Comparative proteomics reveals protein signatures shared between and unique to bona fide plant EVs and other plant-derived vesicles

Extracellular vesicles are membrane-bound particles that mediate intercellular communication by transporting bioactive molecules. In plants, extracellular vesicles are essential for defence responses, cell wall remodeling, and interkingdom interactions, holding significant promise in agriculture, biotechnology, and nanomedicine. However, the characterization of plant extracellular vesicles, including their nomenclature and biological function, remains challenging. Nondestructive isolation methods typically yield more bona fide extracellular vesicles (genuine EVs or gEVs), while destructive approaches often result in a heterogeneous mixture of intracellular, extracellular, and artificial vesicles, collectively termed plant-derived vesicles, along with co-purifying contaminants released from disrupted cells. In this context, the identification and characterization of conserved proteins associated with extracellular vesicles, and the distinction of potential nonvesicular contaminants, are needed to provide critical insights into their biological roles and the functional significance of extracellular vesicles.

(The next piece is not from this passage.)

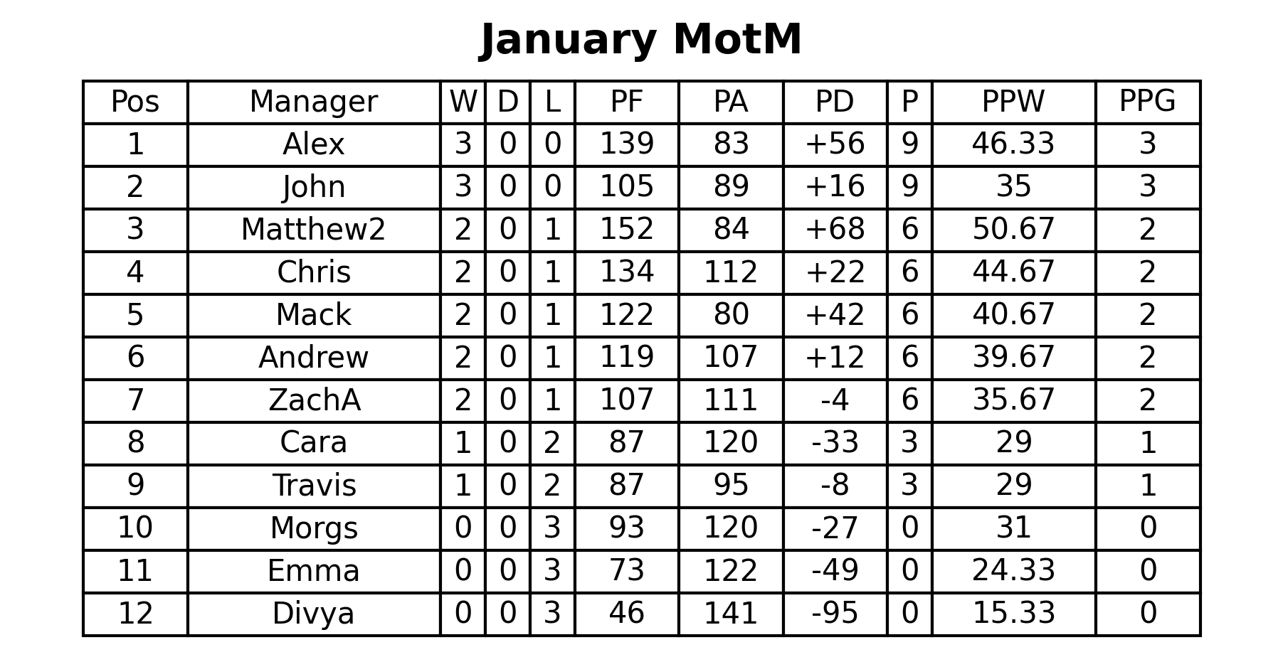 60% of the way through January and Alex and John are the only two undefeated managers remaining! They lead a whole bunch of managers on 6 points with 2 gameweeks left!

Herein, we conducted an in silico comparative analysis using previously published proteomic datasets from gEVs and plant-derived vesicles. Using phylogenetic orthology inference and protein domain analysis, we identified conserved and distinct molecular features differentiating gEVs from plant-derived vesicles, alongside proteins likely co-purified as contaminants. Signal peptide prediction, transmembrane domain, and motif analyses were performed to uncover specific traits of genuine EV and plant-derived vesicle protein cargo. Our findings reveal substantial variability among plant-derived vesicles and identify evolutionarily conserved functions and molecular features specifically associated with genuine extracellular vesicles. Furthermore, our analyses shed light on potential secretion pathways of different classes of extracellular vesicle-associated proteins, as well as on their transport modes, likely distinguishing between luminal and membrane-associated cargo. Collectively, these results pave the way for a more comprehensive understanding of plant extracellular vesicle biology.